- Opening Delimiter -

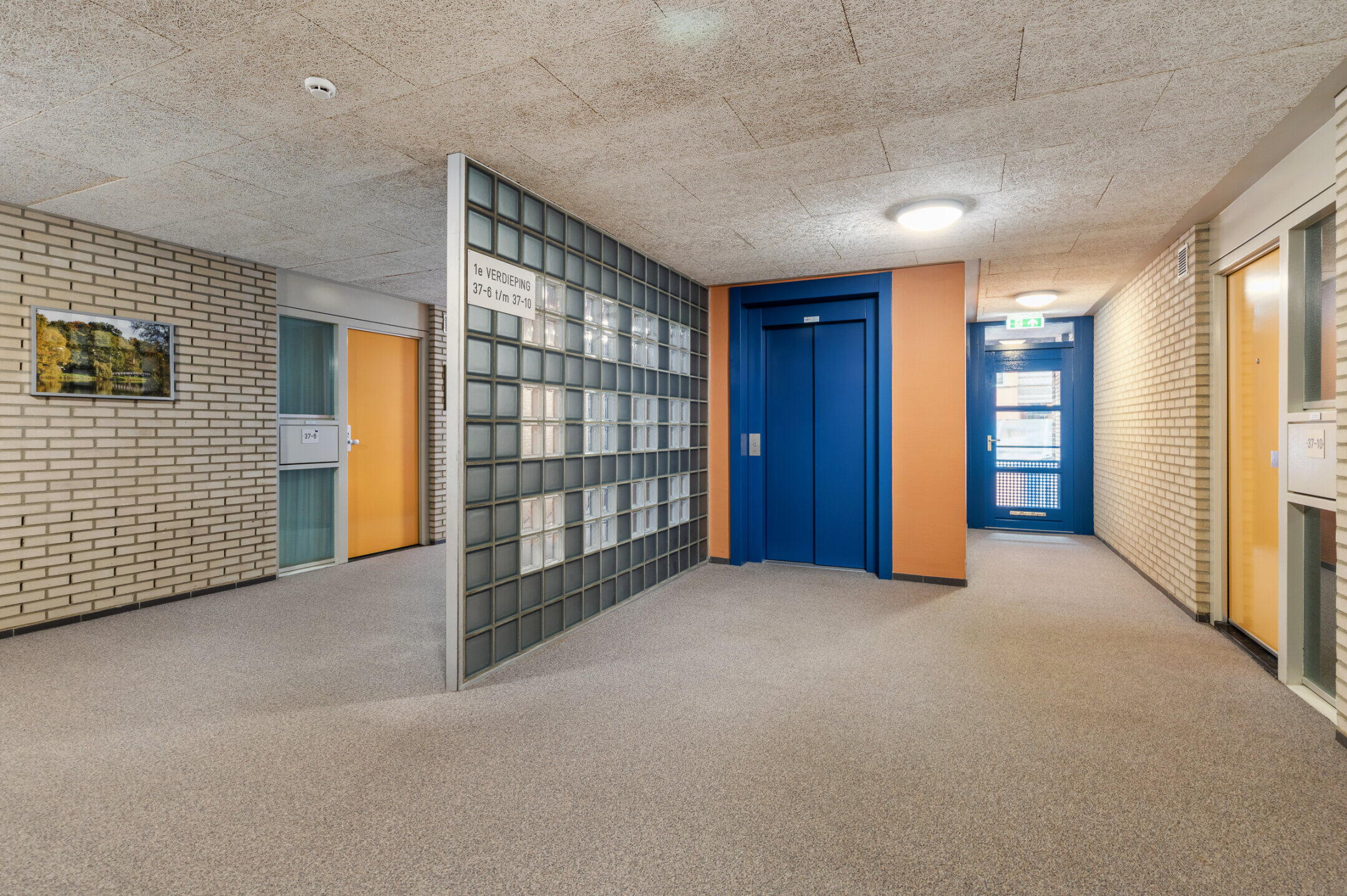 Hal met video-intercom en de brievenbussen, toegang tot de trapopgang en de ruime centrale hal met de liftinstallatie.
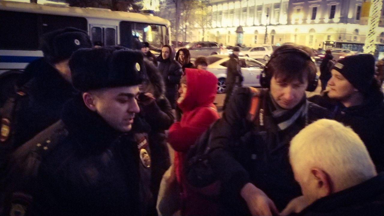 В центре Петербурга полицейские задержали Ольгу Смирнову и Асана Мумджи, которые стояли с одиночными пикетами в поддержку крымских татар.
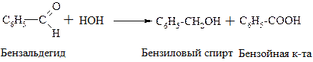 4) Если альдегид не имеет атома Н у a-углеродного атома, то он в такую р-цию не вступает, но легко вступает в р-цию дисмутации (окисления - восстановления). Эта р-ция наз-ся еще р-цией диспропорционирования, или р-цией Канницарро-Тищенко:
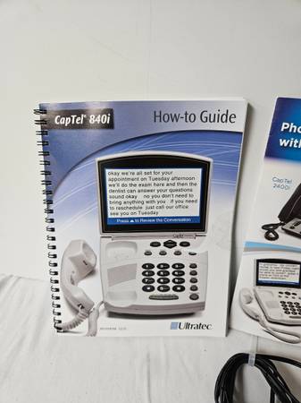 Captel 840i Landline Captioning Telephone for Hard of Hearing. Complete. I believe you must subscribe to the service. I do not have a landline to show you this item works, but I guarantee all my sales. It comes with instructions. Please Google the make and model for specs. The handset is yellowed compared to the body of the phone.
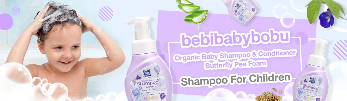 BEBI BABY BOBU Shampooing et revitalisant biologique de qualité supérieure pour bébé Fabriqué en Thaïlande Fournitures de bain en mousse de pois papillon Fournisseur de soins pour bébé
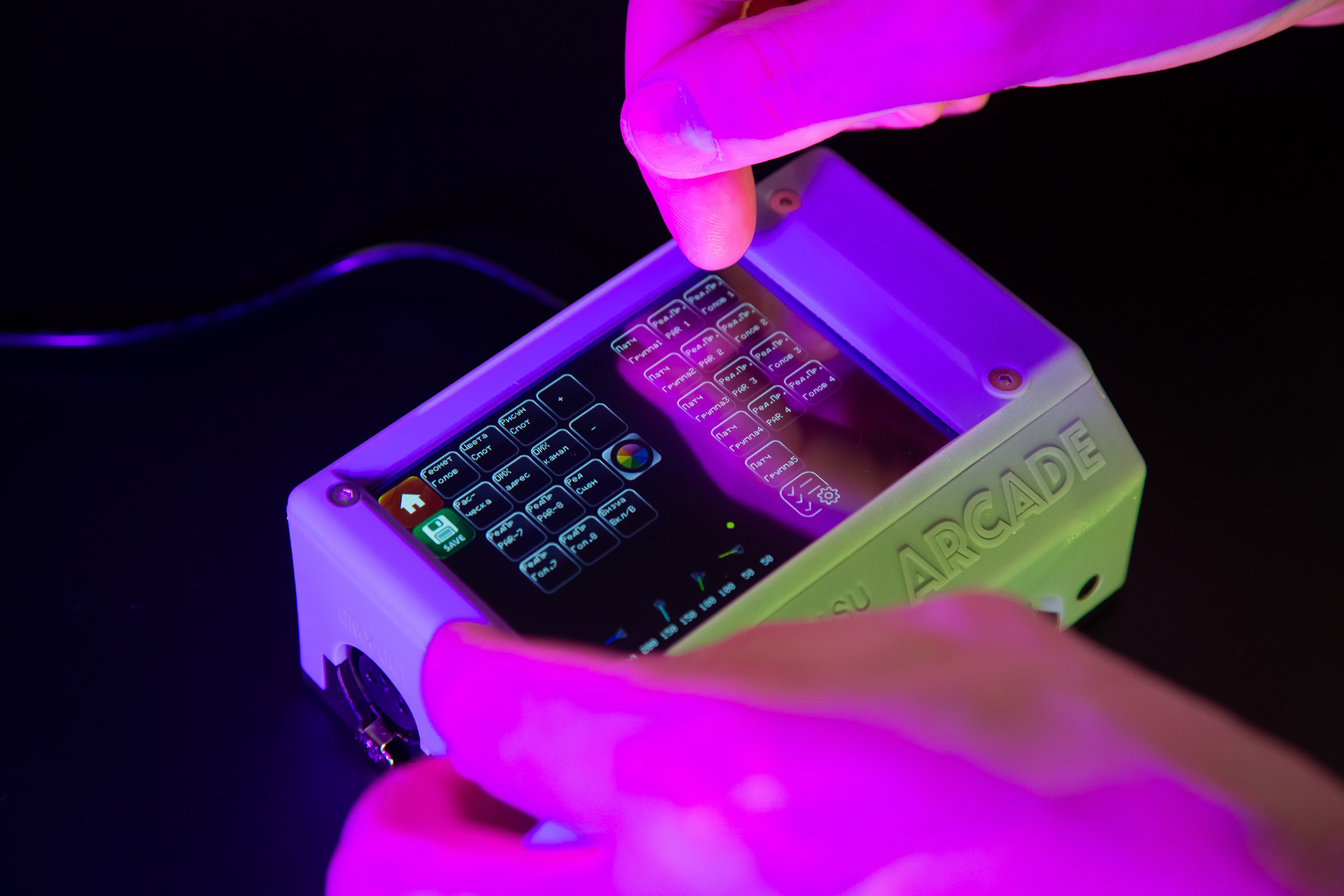 - Интерфейс пользователя. Современные пульты DMX оснащены различными интерфейсами, такими как кнопки, экранные меню / сенсорные панели. Это позволяет операторам легко управлять настройками и сценариями;
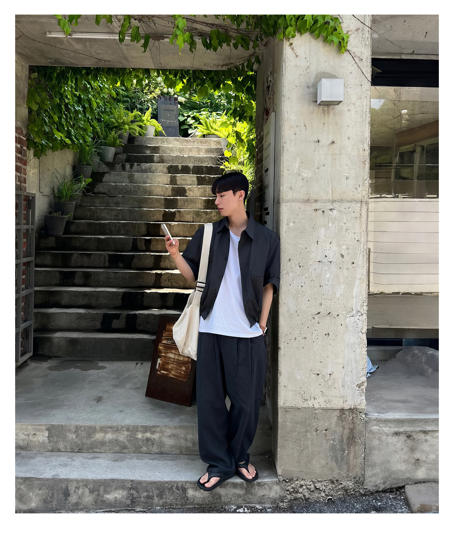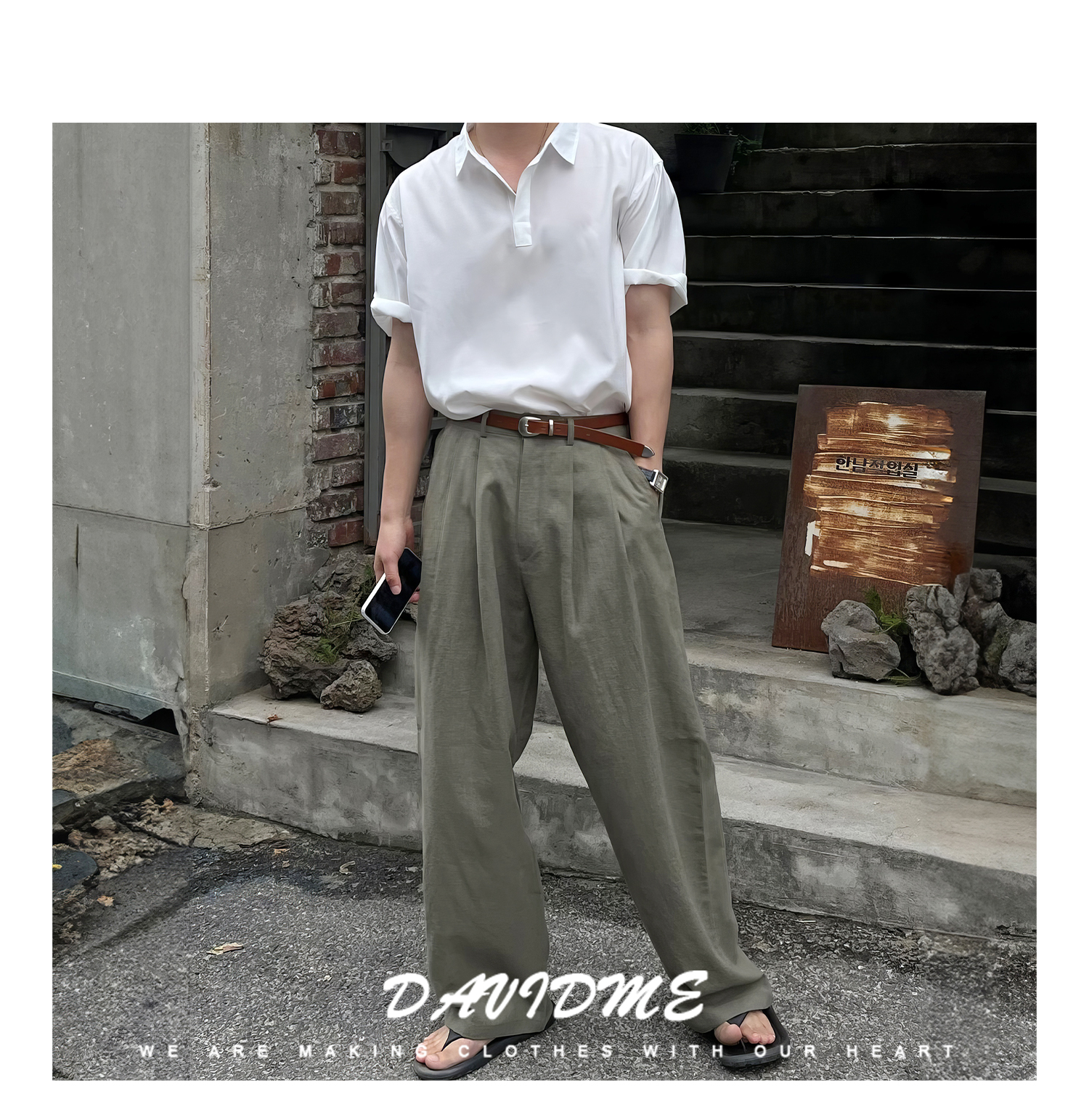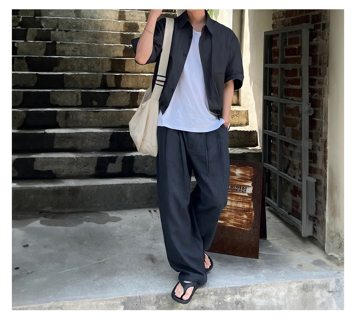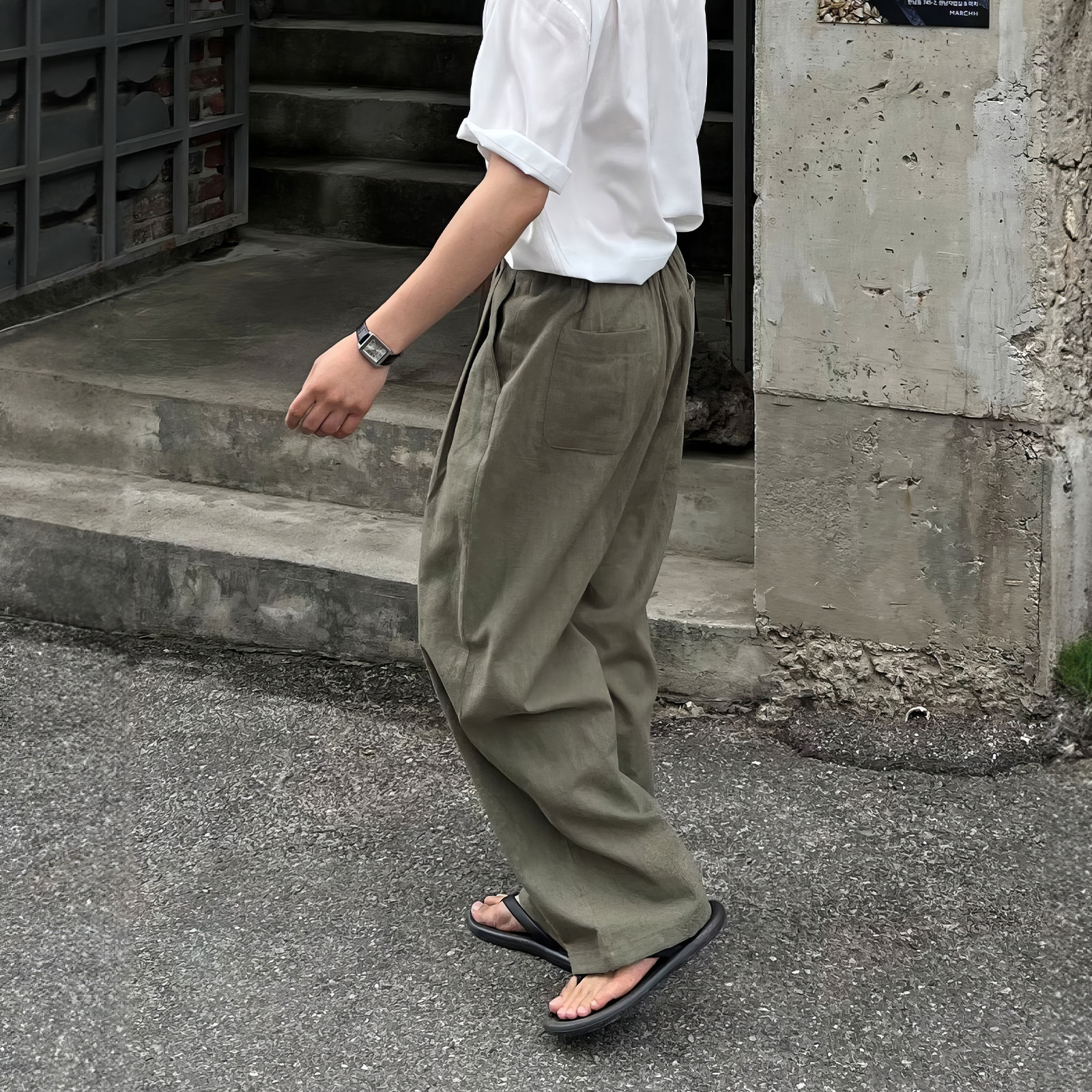 純色休閒直筒褲男士夏季日系復古個性痞帥長褲小眾垂感寬鬆闊腿褲
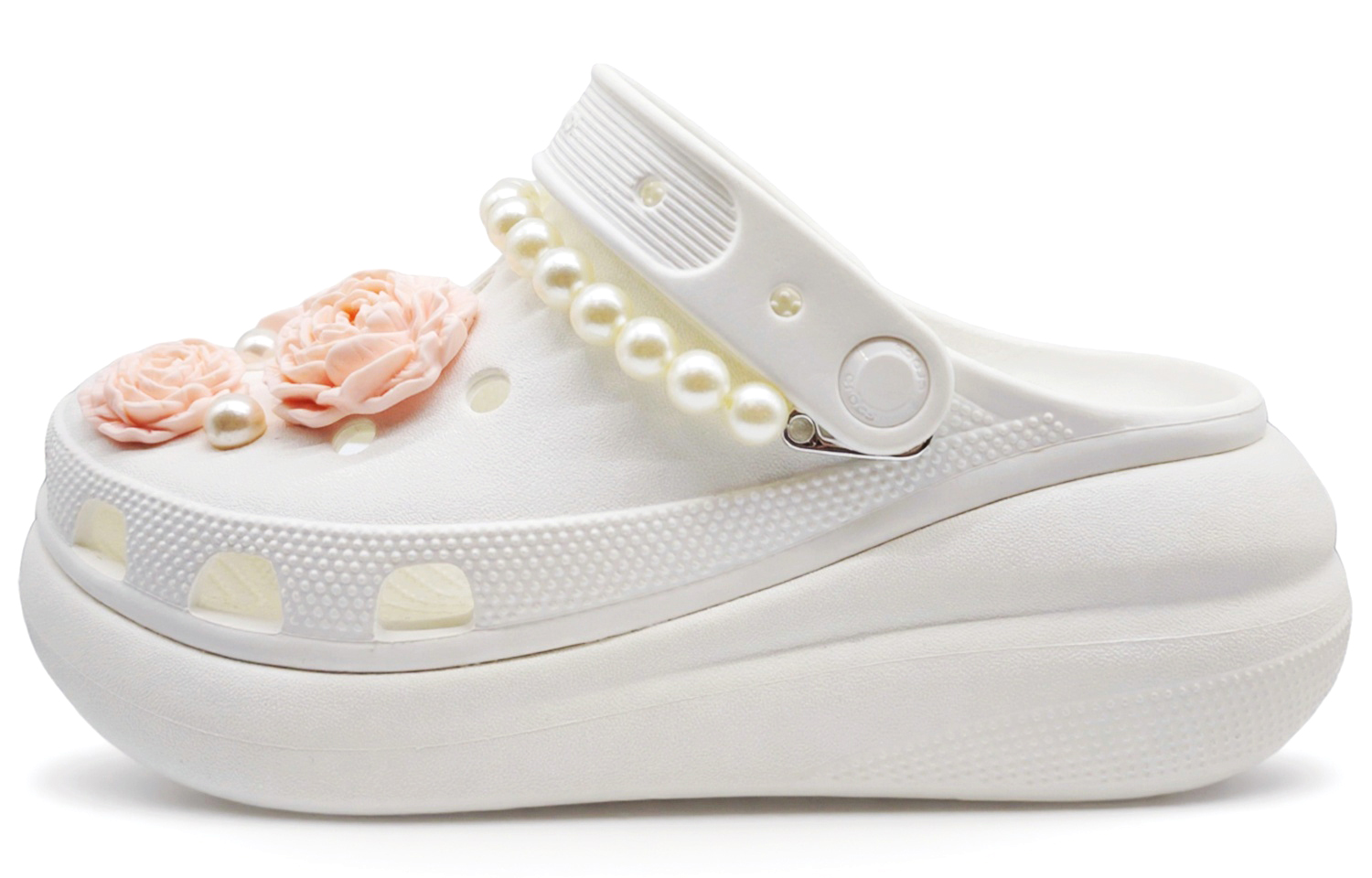 Эти туфли, выполненные по индивидуальному заказу, представляют собой оригинальные белые сабо Crocs Crush Clog EVA, артикул 207521-100, унисекс. Вдохновением для создания этой модели послужило сочетание нежных, мечтательных девичьих чувств и модной эстетики. Нежные розовые цветы украшают верх, напоминая о романтике весны и добавляя нотку мягкости и одухотворенности общему дизайну. Аккуратно расположенные жемчужины, напоминающие мерцающие звезды в ночном небе, излучают элегантность и утонченность. Удачное сочетание цветов и жемчуга создает нежную, освежающую атмосферу, сохраняя при этом изысканность. Изображения соответствуют реальному изделию; возможны небольшие отклонения в рисунке и цвете. Обувь, выполненная по индивидуальному заказу, изготавливается вручную, поэтому каждая пара будет иметь небольшие различия.
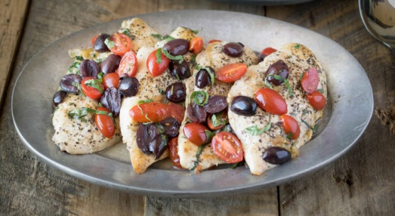 7 – قدمي شرائح صدور الدجاج والطماطم والزيتون.
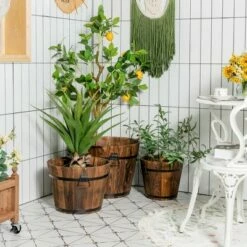 Costway Outdoor Wooden Wishing Well Bucket Flower Plants Planter Patio Garden Home Decor
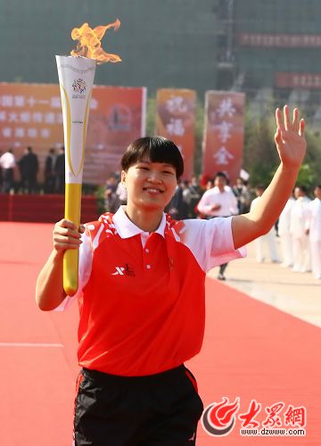 大眾網(wǎng)濰坊9月22日訊 今天,一個陽光明媚的金秋時節(jié),濰坊市迎來了全運火炬,這也是火炬?zhèn)鬟f山東省第四站。上午九點,啟動儀式在濰坊市人民廣場舉行,有90名火炬手參加了火炬?zhèn)鬟f,傳遞路線主要在勝利街進行。第一棒火炬手是奧運冠軍林偉寧,有近10萬市民在道路兩側夾道歡迎火炬手,為他們搖旗吶喊。
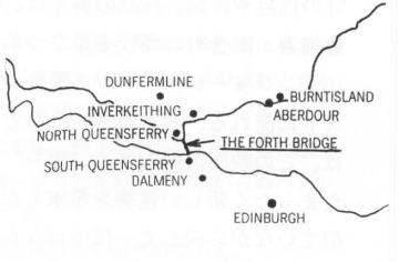 | 図−1 フォース橋の近況写真 | 図−2 フォース橋架設地点(出典「フォース橋100周年記念誌ザ・フォース・ブリッジ・センチュニアリー」/1990年発行) |
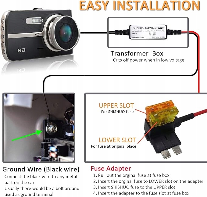 - 【24-ЧАСОВЫЙ МОНИТОР】Предоставьте парковочный монитор для видеорегистраторов (если ваше устройство поддерживает), который будет поддерживать питание видеорегистратора даже после выключения двигателя. Аккумуляторы автомобильной камеры имеют небольшую емкость, их необходимо постоянно подключать к автомобильному аккумулятору, если вы хотите использовать режимы парковки и обнаружения движения для защиты вашего автомобиля.

- Closing Delimiter -

Retype nothing except the lines from the first line of the listing above through the line with "4) Если альдегид", exactly as they stand, and no pictures.

 Hal met video-intercom en de brievenbussen, toegang tot de trapopgang en de ruime centrale hal met de liftinstallatie.
 В центре Петербурга полицейские задержали Ольгу Смирнову и Асана Мумджи, которые стояли с одиночными пикетами в поддержку крымских татар.
 4) Если альдегид не имеет атома Н у a-углеродного атома, то он в такую р-цию не вступает, но легко вступает в р-цию дисмутации (окисления - восстановления). Эта р-ция наз-ся еще р-цией диспропорционирования, или р-цией Канницарро-Тищенко:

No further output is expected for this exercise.